Vale ressaltar que, entre os elementos punitivos da lei, as decisões podem entrar em conflito com o direito da criança e do adolescente à convivência familiar e comunitária, garantido pelo Estatuto da Criança e do Adolescente (ECA) (Lei nº8.069/1990), em seu artigo nº19. Também é importante destacar que em medidas de proteção à criança e ao adolescente aplicadas, devem ser preferidas “aquelas que visem ao fortalecimento dos vínculos familiares e comunitários”, conforme artigo nº100 do ECA.
É questionável também se, através de determinados meios jurídicos dispostos, o poder público não acabaria promovendo uma segunda alienação parental, se referindo à do filho em relação ao genitor com quem se estabeleceu forte vínculo. Vale destacar que qualquer medida tomada contra os pais repercutirá nos filhos, o que pode provocar grande sofrimento para eles.
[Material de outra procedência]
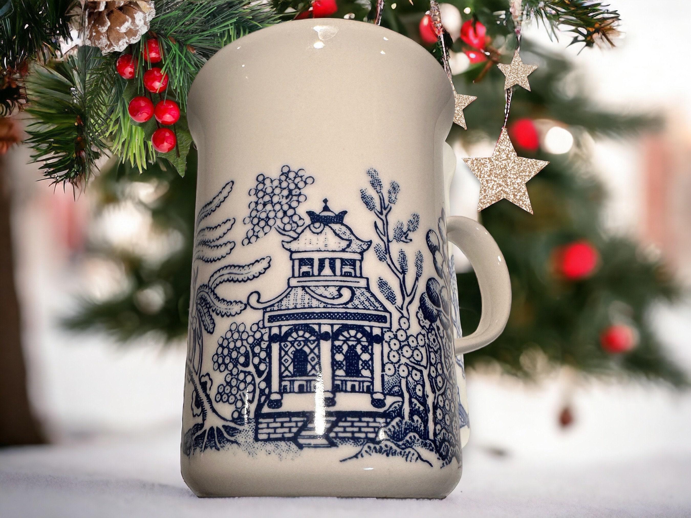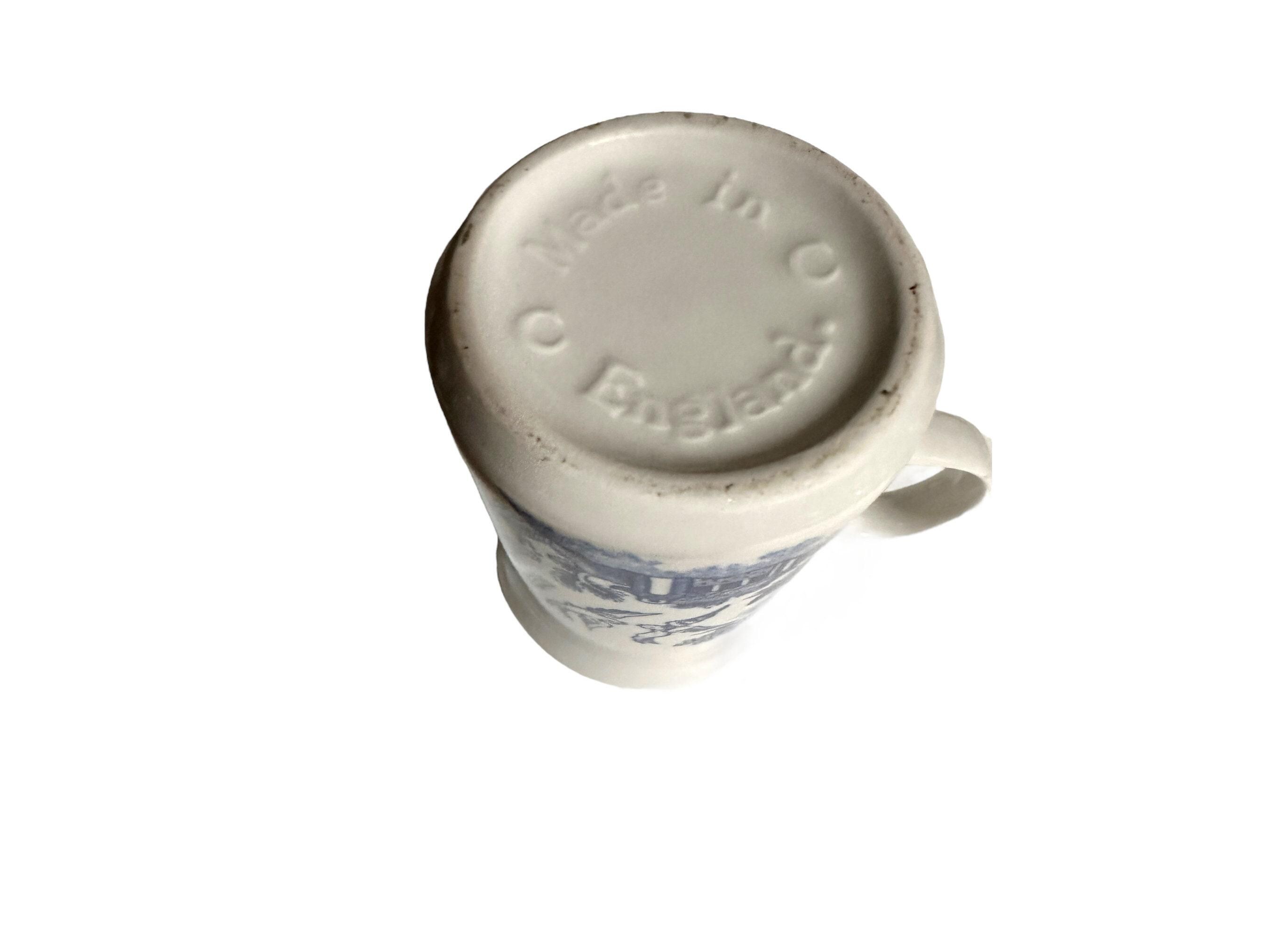 Experience the timeless charm of our beautifully crafted vintage Asian blue mug from Staffordshire, England, that brings an authentic touch to your tea time. With its stunning blue and white design and collectible appeal, this mug makes an ideal gift for tea lovers—add it to your collection today and savor every sip! This is a vintage blue willow coffee mug. It holds eight fluid ounces. It features an Asian pagoda design and is Georgian-shaped.
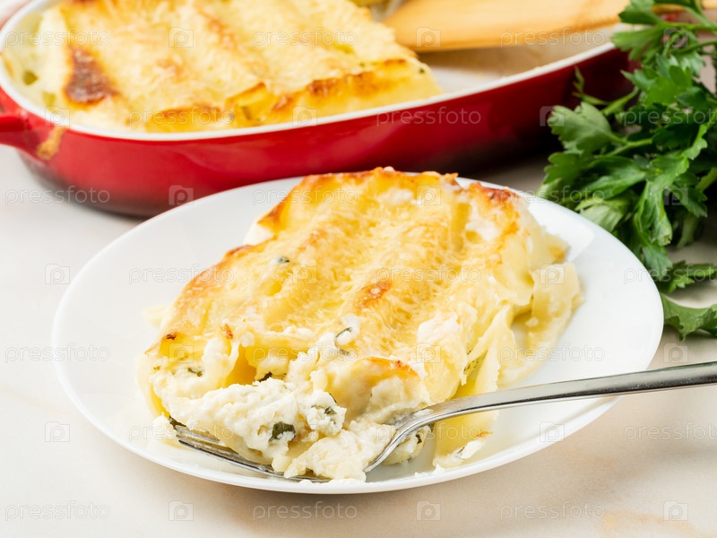 Каннеллони с начинкой из рикотты и петрушки, запеченные с соусом бешамель, вид сбоку, фон белый мрамор

Em 13 de novembro de 2024, a Comissão de Previdência, Assistência Social, Infância, Adolescência e Família da Câmara dos Deputados aprovou o Projeto de Lei nº1812/2022, de autoria das deputadas federais Fernanda Melchionna, Vivi Reis e Sâmia Bomfim, que prevê a revogação da lei de alienação parental. A deputada Fernanda Melchionna explica que ao longo dos anos, a imprensa brasileira noticiou diversos casos em que a lei foi utilizada como pretexto para perpetuar ciclos de violência, principalmente de violência doméstica e contra meninas, e a lei se baseia numa síndrome não corroborada por inúmeras organizações científicas e que diversas entidades, tais como a ONU Mulheres, o Conselho Nacional de Direitos Humanos e o Conselho Nacional de Saúde, já denunciaram a aplicação enviesada da síndrome e recomendam a revogação da lei. “É importante ressaltar que quando tratamos desse tema, obviamente, estamos falando da proteção da criança em casos de separação dos pais. No entanto, a lei virou uma espécie de punição a mulheres em contexto de violência e abuso, que são acusadas de “alienar” seus filhos do convívio paterno quando denunciam o abusador”, destaca Fernanda Melchionna.